Evidence of potential bed bug insecticide resistance in gene mutation

A global infestation of bed bugs after World War II was nearly eradicated in the 1950s with the use of the pesticide dichloro-diphenyl-trichloroethane, commonly known as DDT, a chemical that has since been banned. Since then, this urban pest has been enjoying a resurgence in populations globally and has displayed resistance to an array of insecticides used for their control.

A study published in the Journal of Medical Entomology detailed how a team of Virginia Tech researchers, led by urban entomologist Warren Booth, discovered a gene mutation that could contribute to that insecticide resistance.

The findings came as a result of a study Booth set up for graduate student Camille Block as a means to build up her molecular research skills.

“It was purely a fishing expedition,” said Booth, the Joseph R. and Mary W. Wilson Urban Entomology Associate Professor in the College of Agriculture and Life Sciences.

But Booth had a good idea about where the best fish were swimming and knew where to cast a line.

Specializing in urban pests, Booth was already aware of a gene mutation in the nerve cells of German cockroaches and white flies that confers their resistance to insecticides. Booth suggested that Block analyze one bed bug as a sample from each of the 134 unique populations of bed bugs, which were collected by pest control companies in North America from 2008-22, to see if they had the same cell mutations. Two bugs from two separate populations did.

“It [the discovery] was literally my last 24 samples,” said Block, who is studying entomology and is an affiliate with the Invasive Species Collaborative. “I’ve never done any kind of molecular work before, so getting all these molecular skills was super important.”

Due to the genetic uniformity within bed bug infestations resulting from extensive inbreeding, one specimen per sample is generally representative of that population. But Booth wanted to make sure Block had actually discovered the mutation, so they examined all specimens in the two identified populations.

“When we went back and screened multiple individuals from the two populations, every one of them had the mutations,” Booth said. “So they were fixed for these mutations, and it’s the same mutation that we find in German cockroaches.”

Through his work with German cockroaches, Booth knows that their resistance to insecticides is from a gene mutation in the cells of the nervous system and these mechanisms are environmentally driven.
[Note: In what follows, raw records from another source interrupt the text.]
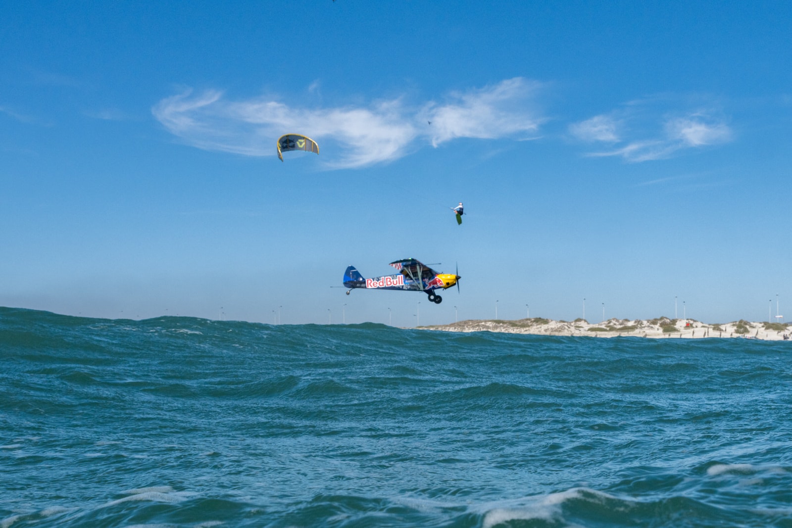 Lasse maakte met zijn kite een sprong van 15 meter hoog en vloog daarmee over het vliegtuig van Luke. De Poolse piloot wist het voertuig vakkundig stil te hangen boven het water met windstoten van meer dan 50 km/u.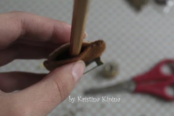 14. Обшиваем всю птичку и приступаем к набивке. Набивать следует маленькими кусочками, помогая карандашом утрамбовывать.
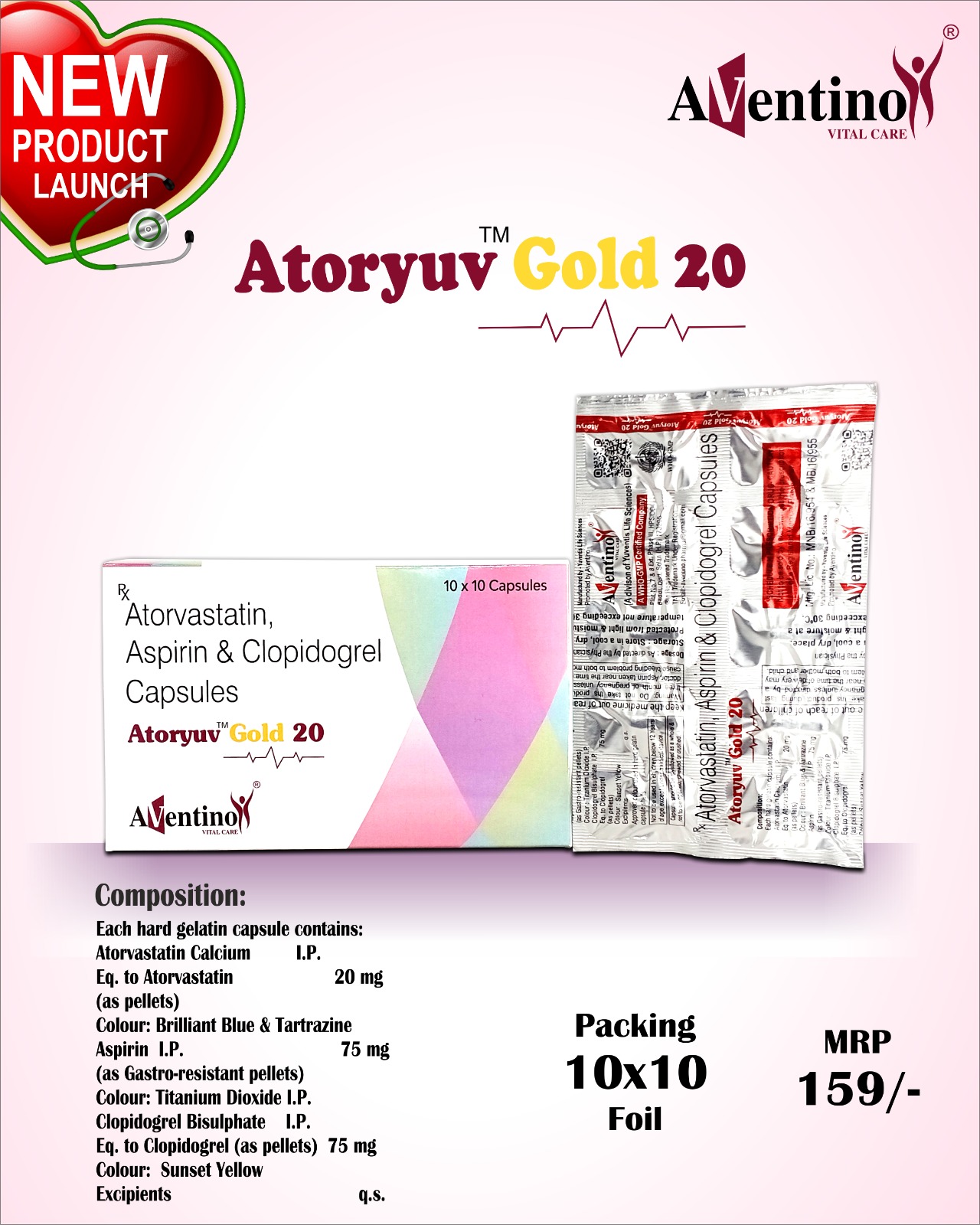 Atoryuv GOLD 20 | 10*10 | Atorvastatin Calcium I.P. 20mg + Clopidogrel I.P. 75mg + Aspirin I.P. 75mg Capsules | Details |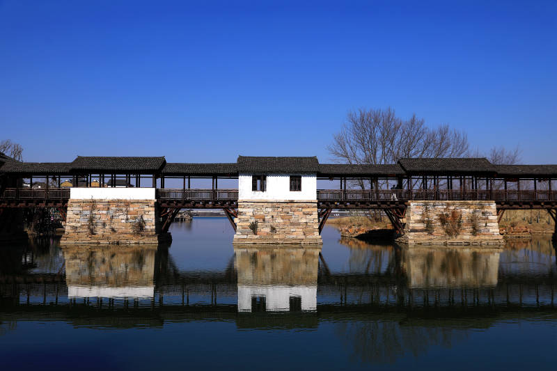 宜兴窑湖小镇古桥倒影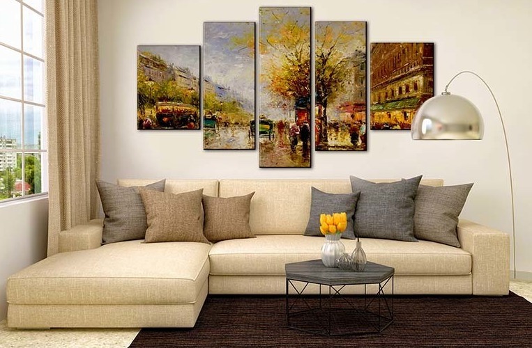 Часто в доме имеется большая стена, на которой даже большая картина будет выглядеть одиноко. В таком случае рекомендуется оформить её модульными картинами, которые будут соответствовать по тематике и цвету.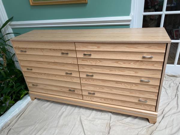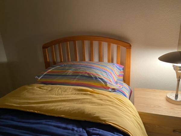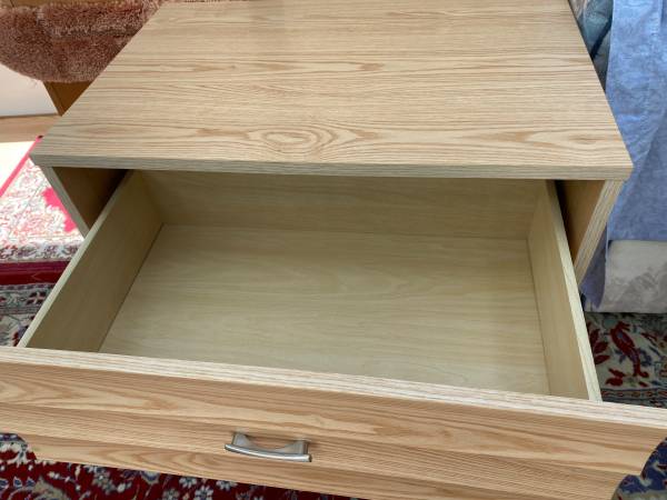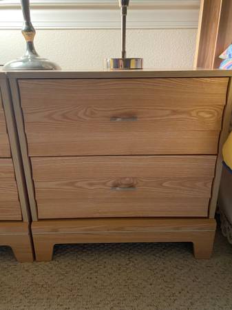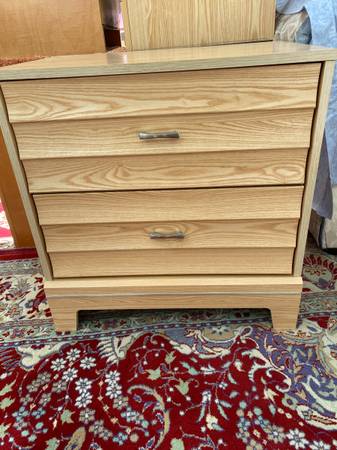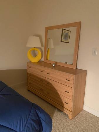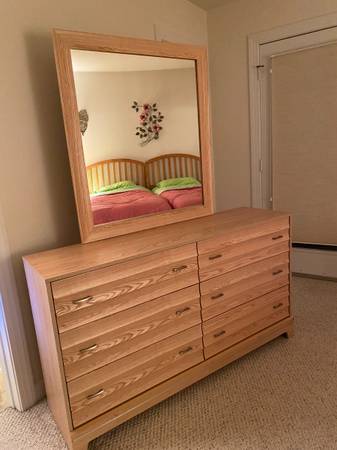 Brand new Bedroom chest with mirror and 1 nightstand - $265. Set of oversized single mattress and boxspring with bed frame (as shown in pictures) - $175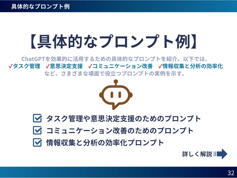 ChatGPTは、経営者にとって強力な支援ツールとなり得る対話型AIです。最新の言語モデル技術に基づき、経営に関連する複雑な情報を迅速かつ正確に処理します。これにより、経営者はより迅速かつ効果的に意思決定ができ、組織全体のパフォーマンス向上に役立つようになります。本レポートでは、経営者が直面する課題に対してChatGPTをどのように活用できるか、そのプロンプトの使い方と成功事例を詳しく解説しています。

“There is a gene that’s known as the Rdl gene. It’s been identified in a lot of other pest species, and it’s associated with resistance to an insecticide called dieldrin,” said Booth, an affiliate of the Fralin Life Sciences Institute. “That mutation is throughout all of the German cockroaches. We’re not finding populations without that mutation, which is kind of amazing.”

According to Booth, fipronil and dieldrin — pesticides that have proven effective against bed bugs in the laboratory — have the same mode of action, so the mutation theoretically enables the pests to be resistant to both pesticides. Dieldrin has been banned since the 1990s, but fipronil is currently used in spot treatments for dog and cat flea control — not to control bed bugs.
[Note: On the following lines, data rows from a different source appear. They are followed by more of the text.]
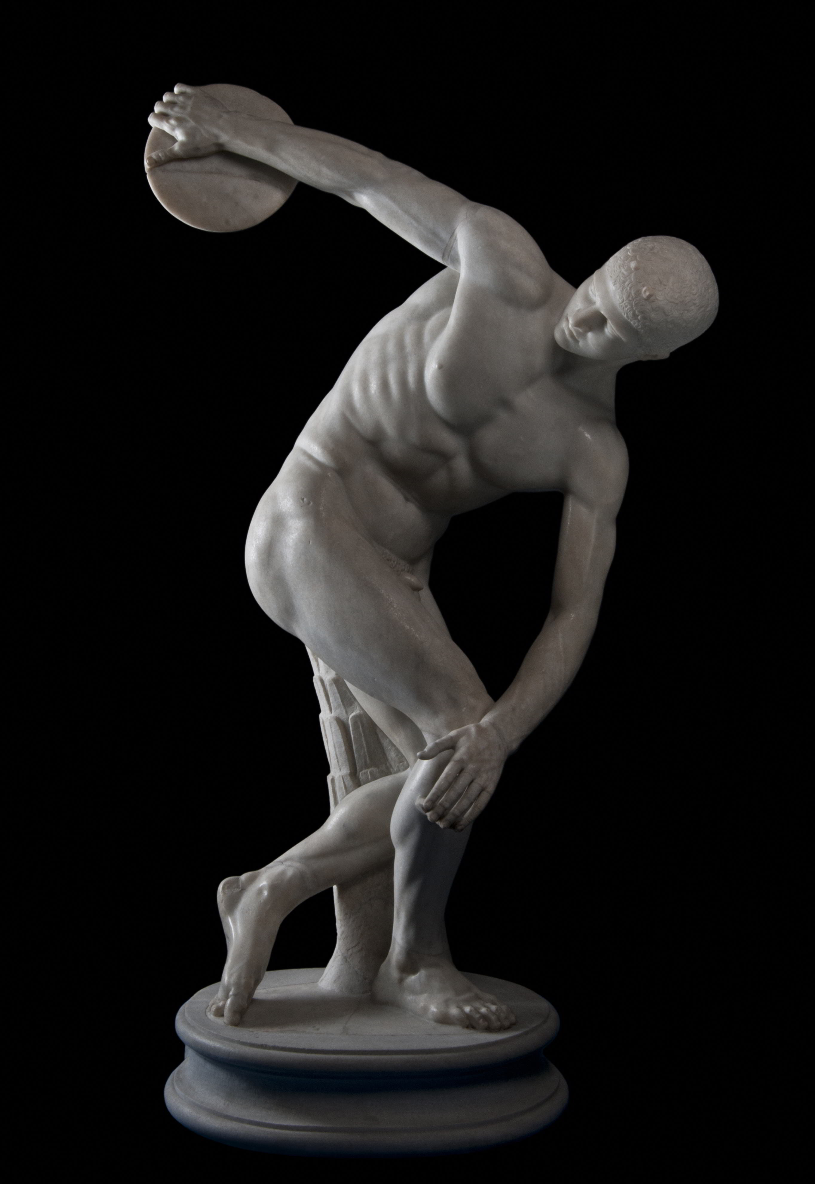 La statua del Discobolo rappresenta un atleta nella posizione idonea al lancio del disco. La scultura è una copia romana della celebre opera greca in bronzo di Mirone del V secolo ...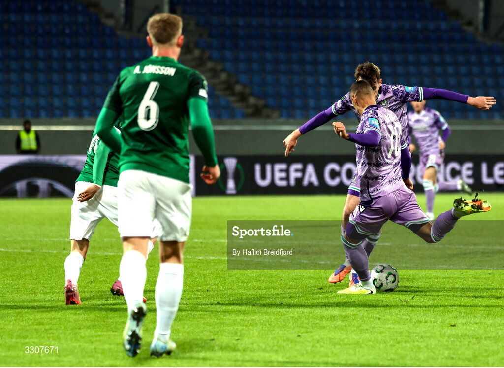 11 December 2025; Graham Burke of Shamrock Rovers shoots to score his side's first goal during the UEFA Conference League 2025/26 league phase match between Breidablik and Shamrock Rovers at Laugardalsvöllur in Reykjavik, Iceland. Photo by Haflidi Breidfjord/Sportsfile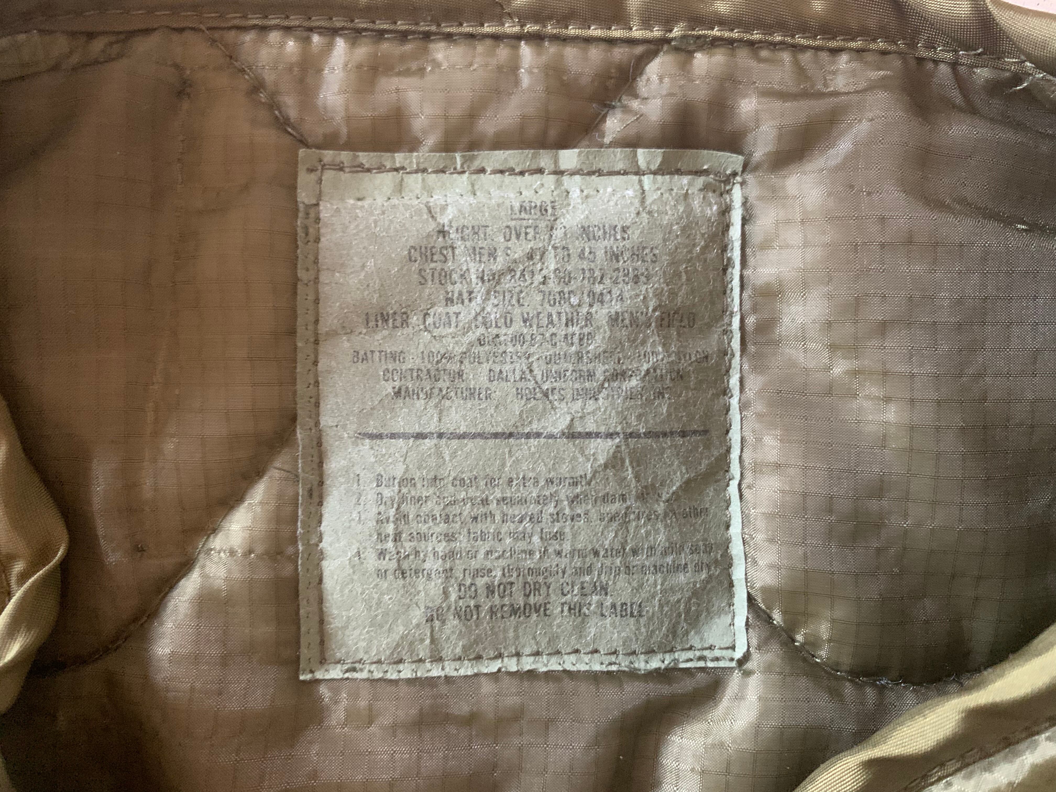 ボディーは米軍に1987年に納入された、ジャケットの中に取り付ける、キルティングライナー。

Booth suspects that many pet owners who use fipronil spot treatment on their animals allow their dogs or cats to sleep with them, which exposes their bedding to fipronil residue. If any bed bugs came into that environment, they would have been subjected to the fipronil inadvertently and then selected for that mutation in the population.

“We don’t know if that mutation is novel and it popped up after that, or in that time frame, or whether it was occurring in populations 100 years ago,” Booth said.

The next step is to cast a wider net and look for those mutations in different regions of the world, particularly Europe, as well as different time periods in museum specimens, because bed bugs have been around for over a million years.

In November 2024, the Booth lab was the first to successfully sequence the entire common bed bug genome.

“This is the first time that the bug genome has been sequenced,” Booth said. “Now that we have that, we can go to these museum specimens.”

Booth pointed out that the problem with museum DNA is it degrades really quickly in the small fragments, but now that researchers have chromosome-level templates, they can take those fragments and align them back to those chromosomes and reconstruct genes and genomes.

Booth points out that his lab works with pest control companies, so their genetic sequencing efforts may help them gain a better understanding of where bed bugs are located globally and how to help in eradicating them.

Now that Block has honed her molecular skills, she is excited to continue her work with urban evolution.

“I love evolution. I think it is so interesting,” Block said. “People feel more connected to these urban species, and I think it’s easier to get people interested in bed bugs as it is something they may have personally experienced.”

Lindsay Miles, a postdoctoral fellow in the Department of Entomology, was another Virginia Tech member of Booth’s research team.